The Industry is now unevenly moving into application of 3-D modeling systems. These spatial management systems cost more in terms of hardware, software and training. Home office benefits from these 3-D systems are not as apparent as for the 2-D and previous systems. However, the Workshop participants believe that the higher-powered systems do reduce total project costs enough at this time to justify the investment on a much wider industry basis. The major impediment is the size of the investment; e.g., $25,000 to over $100,000 per seat. This is particularly acute when the design and construction functions are performed by separate companies, and the design organization has no direct share in the field cost savings. Owners really are the principal beneficiaries of 3-D CAD systems. Owners have begun to demand and use electronic design databases prepared by engineering contractors at a rapid pace to support on-going facility management.

We observed that large engineering and EPC firms are computerizing aggressively to just to stay abreast in a highly competitive market. On the other hand construction only firms seem to be computerizing more cautiously with the result of increases flowing down to their profit lines. A detailed account of this assertion is in Chapter 6.

Computerization of engineering work has been analyzed in detail in this study. To summarize, the Industry is presently completing computerization of manual processes in engineering, especially in the graphics world. The questionnaire survey shows that slightly less than 50% of all engineering tasks are done using computers. It also shows that design and drafting functions, one of the three major engineering tasks defined in this study, will be computerized at the fastest rate in next three to five years, from a present 53% to 88%. Computerization of numerical analysis functions and "other" engineering tasks will continue, but at slower rates.

The Industry will depend more on software vendors than internal resources for software development in the future. Object oriented database-driven CAD/CAE systems will become popular in the next three to five years. Increasing use of expert systems, other artificial intelligence concepts, and dynamic walk-through simulation programs is anticipated. Simulation of the conceptual design of projects will be among the engineer constructors capabilities.

Bar-code technology is gaining popularity for materials management in the Industry.
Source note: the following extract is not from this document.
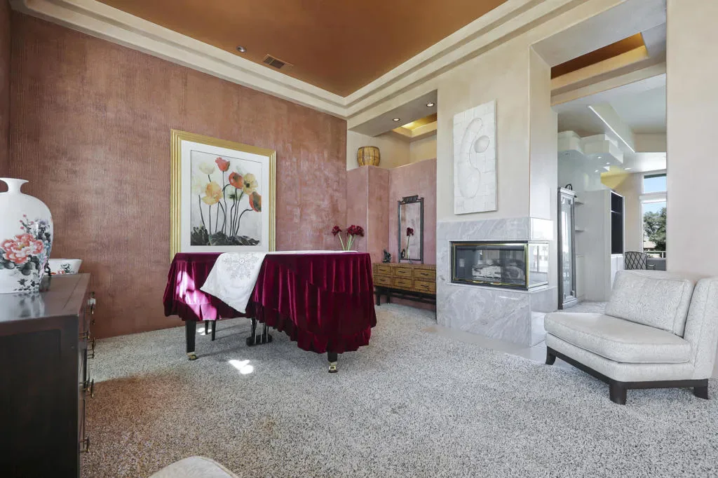 Stunning custom home built by Fox Brothers, sits on an elevated golf course lot with views of a lake and the mountains beyond. This luxurious 3136 sq.ft. home has it all: 3 bedrooms, 3.5 bathrooms, gourmet kitchen open to the living areas, plus an inviting bar with a frig and icemaker – all with VIEWS!! The Chef’s kitchen boasts double ovens, double dishwashers, & two refrigerated drawers located by the 6-burner gas cooktop. The primary suite is located on one side of the home and has a convenient retreat that is currently used as an office. There is a Texas-sized walk-in closet and a separate tub and spacious shower as well as granite counters and plenty of space. The two guest bedrooms are en-suite. The owner has done numerous upgrades: Replaced 22 windows; installed one new A/C system; added a built-in surround sound stereo system; replaced shades on all sliders; removed a large tree on golf course to enhance the view; and added an electric car charger in the three-car garage. The best is the beautifully landscaped backyard with saline pool/spa and outdoor fireplace with privacy to enjoy the stunning views. IID electric service for lower energy costs, low HOA of only $214 a month (includes cable TV and internet), and conveniently located near the Acrisure Arena and freeways. Optional memberships are available at Bermuda Dunes Country Club (see attached document).
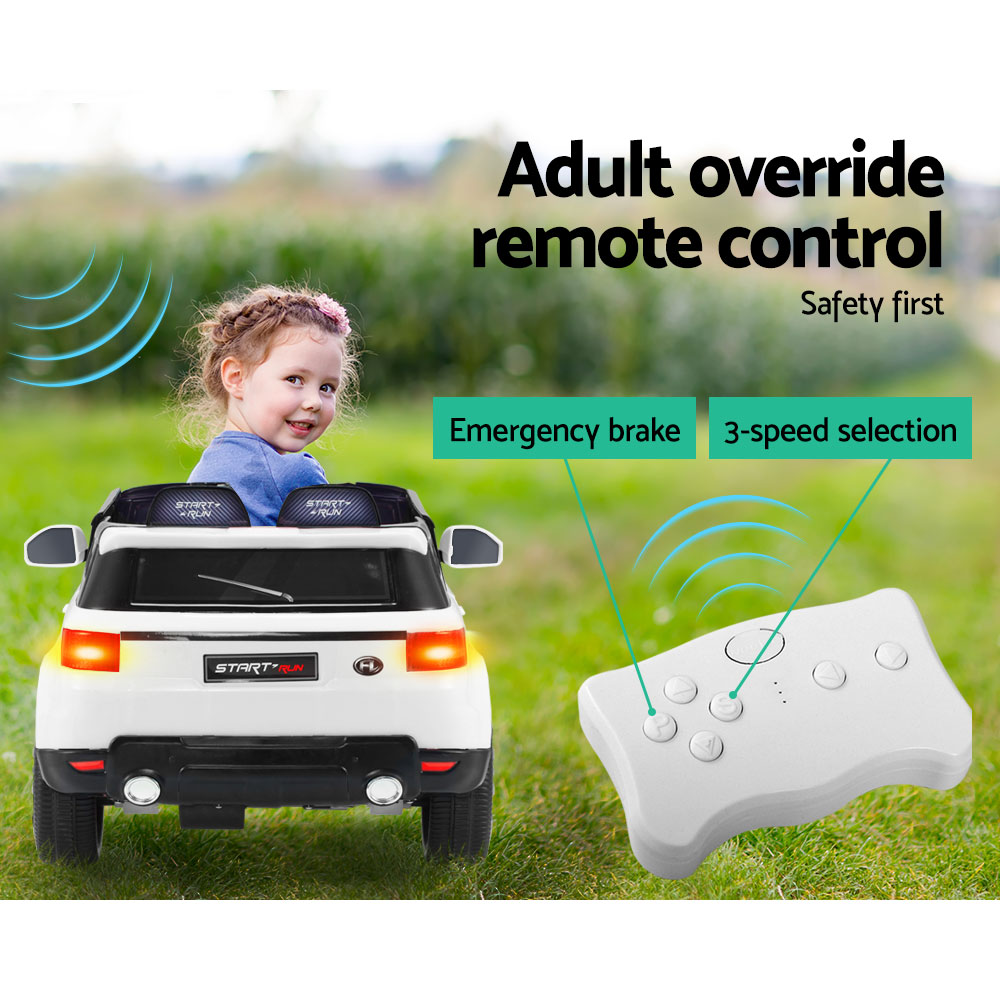 Our ride on car is sure to impress your little driver with its looks, performance, and charisma. It boasts an impressive and exquisite two-tone design, brilliant lacquer finish accentuating its sculpted lines and a solid build. It has powerful twin motors for exhilarating performance and a thrilling ride, 4-wheel suspension for increased stability and comfortable ride, premium anti-slip tyres for a smooth ride and a spacious seat with a safety belt for safety and comfort. Plus, it has stylish working doors with a safety lock and dynamic headlights for illuminating presence and reverse lights for safety. Furthermore, it has a dashboard with functions like MP3 connect, power switch, accelerator pedal, horn, and forward/reverse switch for a real-like driving experience like never before. The remote-control function and EN71 Standard Safety of Toys certification ensure the safety of the child.

Many companies have already convinced themselves that this technology is cost effective in field materials control, and are using them regularly. Materials and small tools are identified by unique identification numbers and managed effectively in a computer integrated environment. Use of Industry-standard product codes will make this system more cost effective.

In three to five years most engineers will have a computer on their desk and use it a substantial part of the time. Increasing use of high-end supermicro and low-end minicomputers, called technical or engineering workstations, is anticipated. These computers will be much more powerful than current models. Heterogeneous hardware platforms tied to local area networks (LAN’s) and wide area networks (WAN’s) will be the choice for the future. “Ethernet” seems to be the choice here. LAN’s and WAN’s will link all kinds of machines for communication. Achieving maximum flexibility and compatibility between hardware and software will be a strategic focus for cost effective computerization. Due to the demand for open software systems that can be run on wide range of hardware platforms, bundling of hardware and software will be even less favored in the future. Increasing use of UNIX operating system is anticipated due to its power and portability.

Industries will develop unique project and company databases. Owners and contractors both will draw information from their own company databases and industry databases, and create from them project databases to be used for construction and other business requirements. Computerization is moving at a pace that leaves today’s tools and methodology obsolete at an alarming rate. The next five years are viewed as exciting and expensive times for the Construction Industry. Poor planning will make those years even more expensive.